Such thinking is not only ridiculous; it has no chance of working.

It's mind-boggling to imagine any one could have fallen for North Korea's promises yet again, but, nearly three years ago, there was Christopher Hill, the US nuclear envoy at the time, falling for the claim North Korea would abide by its latest agreements to give up its nukes and missiles after the North went ahead and conducted an underground nuclear test. No way, of course, would North Korea abide by the promises made in 2007, much less destroy or surrender the six to 12 warheads it's already made. The latest evidence, as everyone knows, was the test flight on Sunday of a Taepodong-2 missile that's got a range of at least 3,200km.

Oh sure, the North Koreans went through an elaborate exercise of claiming the missile was really a two-stage booster rocket assembly from which a communications satellite would loft into orbit. That was the same claim they made in 1998 when they fired a Taepodong-1 in much the same trajectory over northern Japan. North Korea claimed then, as now, that the missile had shot a satellite into space from which wafted patriotic paeans to Dear Leader Kim Jong-il and his late father, Kim Il-sung, 'eternal president'.

It's very dubious if the attachment picked up by satellite imagery at the tip of the missile while poised on the launch pad was anything like a satellite. Far more likely, North Koreans were bamboozling the world in a shell game that would be funny if the implications were not so deadly.

There's plenty of evidence that North Koreans are by now pretty good at building missiles. They are also well known to have made nuclear warheads.

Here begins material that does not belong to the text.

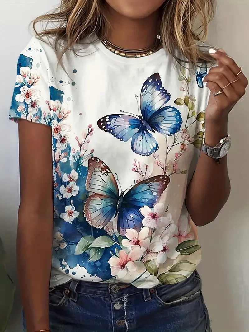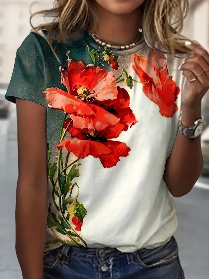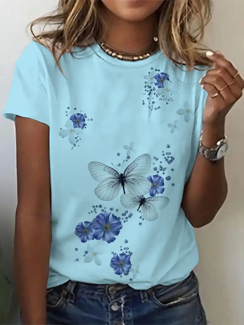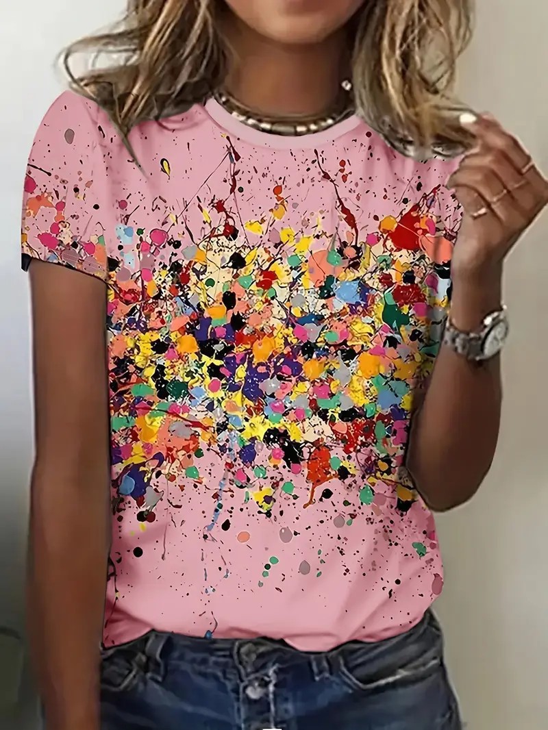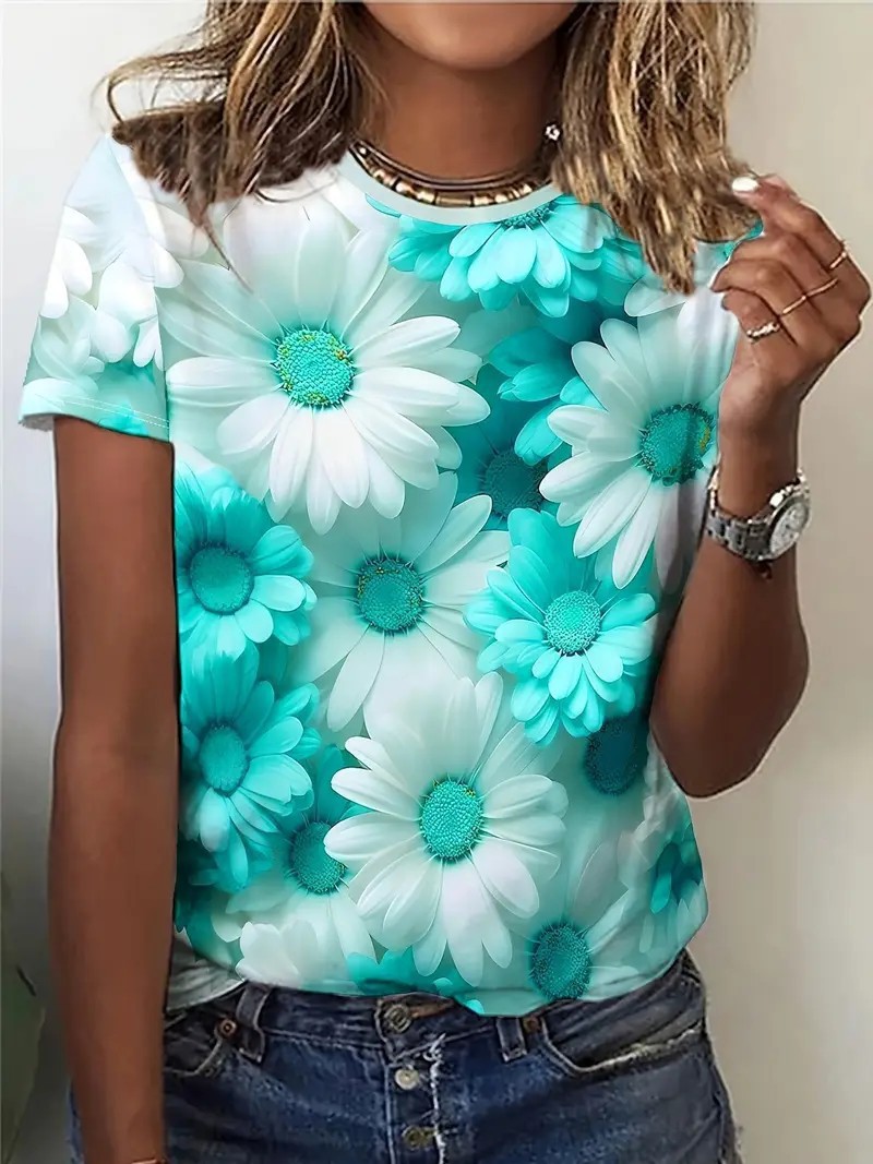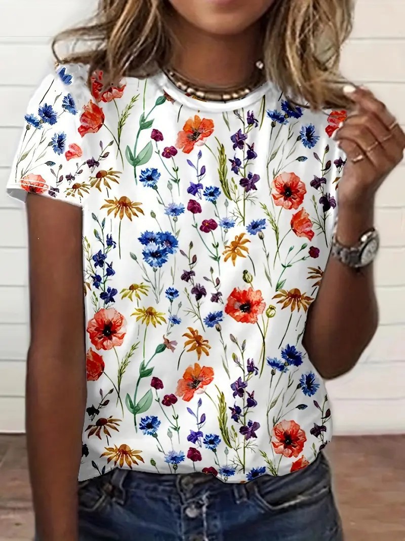 유럽과 미국의 대외 무역 아마존 2025 새로운 패션 캐주얼 다재다능한 패션 여성 반팔 티셔츠 ME13스토어 가기

No one has ever heard or seen any signs they were building a satellite.

The world seems to have fallen for this game without question. So far, nobody's actually wondered whether that attachment was a real satellite, or a model pieced together from cardboard, plastic and tin foil.

One would have thought by now that a legion of 'experts', engineers and scientists, would have looked carefully and realised there was something suspicious about the protrusion they saw on that missile while it was safely on the pad. Satellite technology is believed to have come from Iran, North Korea's partner on missiles and nuclear know-how. If the Iranians could launch a satellite, then why not the North Koreans? Think about it, and the answer is obvious: they didn't have one to launch.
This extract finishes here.